Budget 2025 will be tabled in Parliament by Finance Minister François-Philippe Champagne on November 4th. It is an opportunity for Prime Minister Mark Carney’s government to set a new policy direction for Canada. Uncertainty is high. Stakes are high. Will the government meet the moment – the hinge moment, as Carney would say? Will Budget 2025 be fiscally responsible?

James Baldwin, the late American writer and activist, said, “Not everything that is faced can be changed. But nothing can be changed until it is faced.” Canada is a great country by many metrics (see Browne and Page, Policy Magazine, 2025). But we are slipping in some fundamental ways.

Work by Nobel economics laureates Daron Acemoglu and James Robinson (Why Nations Fail, 2014) illustrates that successful countries are founded on inclusive institutions that promote opportunities for people, especially the young, to participate in the economy and drive the innovation essential for prosperity.

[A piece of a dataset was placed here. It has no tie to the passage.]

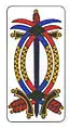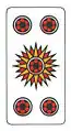 В колоде Таро пятёркам пик, треф, бубён и червей аналогичны пятёрки мечей, жезлов, денариев и кубков соответственно. Ниже приводятся изображения этих карт из колоды таро Висконти-Сфорца (1450 г.), в которой масть жезлов заменена стрелами.

After 25 years of largely avoidable crises, globalization and technological change, people are losing faith in our institutions and this has been highlighted in research by Statistics Canada. These forces are made even more dangerous by geopolitics in a divided world amid the apparent unravelling of the rules-based international order.

Author Salmon Rushdie describes hinge moments (Languages of Truth, 2021) in history as, “when everything is in flux and the future is up for grabs”. Dan Gardner highlights the implications for sovereignty (“Liberal Democracy is in Danger”, Substack, 2025) “…as uncertainty rises and society frays, freedom feels like a burden”.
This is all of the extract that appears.